We examine, in some detail, the regulation of cell therapies in the U.S. and elsewhere, as well as the political and ethical controversies concerning the creation and use of embryonic stem cells.
We do not cover in this report the and issues of the largely non-profit transfusion industry—red blood cells, platelets, plasma, etc. We also do not consider tissue-engineering therapies that do not include living cells.
METHODOLOGY AND INFORMATION SOURCES
The information reported herein has been gathered from a variety of industry and other sources. The 10K forms and other SEC filings from public companies have been examined along with annual reports, catalogues, press releases, etc.. The World Wide Web is a rich source of information, as almost every commercial concern now has its own web page. Product literature and trade journals have been monitored, including BCC's own Medical Materials Update and Applied Genetics News. Where appropriate, medical literature and scientific literature have served as a research source.
We have also gathered statistical information from the U.S. government, the World Health Organization, and private foundations.
Armed with the industry and statistical information garnered above, market participants were interviewed to fill in the gaps of our understanding.
ANALYST'S CREDENTIALS
The author of this report, Steven Edwards, Ph.D., has a broad background in the biological and health sciences, and is well acquainted with advancing technology.
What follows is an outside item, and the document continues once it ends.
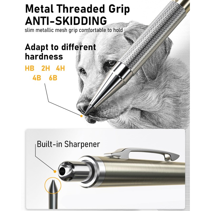 - 2 PCS 2mm Lead Holder: Metal Threaded Anti-skidding pen tube, feature a lead sharpener design, allowing you to sharpen the pencil lead at any time.The 2.0mm graphite leads are available in 6B 4B 2B HB 2H 4H and colors, perfect for sketching in different shades and drawing skill

He received his doctorate in Biology from the University of California, San Diego. His thesis work centered on the expression of murine leukemia virus genes, and was then awarded a National Health Institutes postdoctoral Fellowship to study neuroendocrinology at the Salk Institute. Subsequently Dr. Edwards was a Research Associate at La Jolla Cancer Research Foundation (now Burnham Institute) and later an Assistant Professor in the Biochemistry Department of Meharry Medical College in Nashville, TN. There he directed a research laboratory studying transcriptional regulation supported by grants from the American Heart Association and the NIH.
Dr. Edwards is now a medical industry analyst, science writer and editor. He is the editor of two BCC newsletters: Applied Genetics News, and Drug Discovery/Technology News. His journalistic work has also appeared in MIT's Technology Review, Diabetes Forecast, Genetic Engineering News, and other publications.
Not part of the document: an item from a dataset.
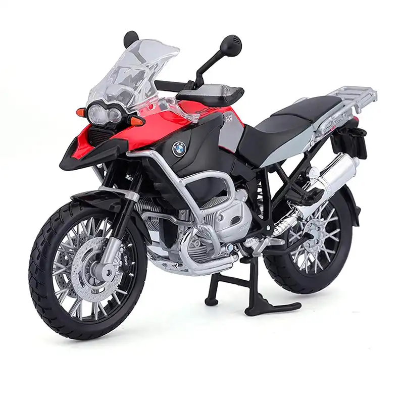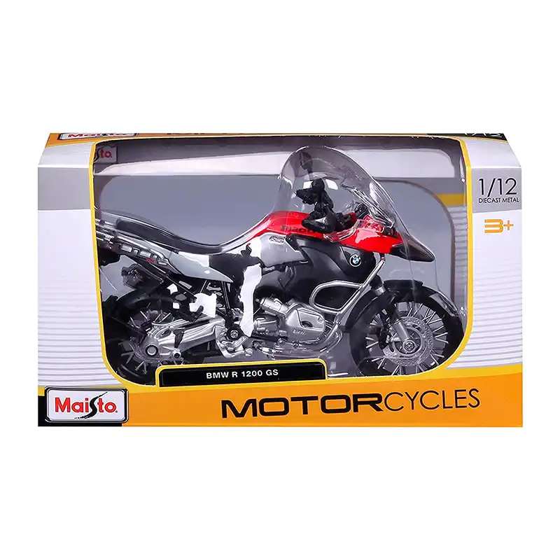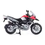 BMW R 1200 GS en color rojo hecho por la marca Maisto. Este modelo de motocicleta a escala fabricada en alta calidad tiene llantas de goma, perfecta para coleccionistas y fanáticos de BMW.

Dr. Edwards was the Project Analyst responsible for the BCC reports B-119 Cell Therapy and Tissue Engineering, Emerging Products (1998), B-127 Microelectronic Medical Implants, Products, Technology and Opportunity (1999) and B-143 Bones and Joints: Drugs, Devices and Regenerative Technologies (2000). He has performed market research on the orthopedics industry for Phaelixe, Inc., a consulting firm from Denver, CO, and consulted for venture capital companies.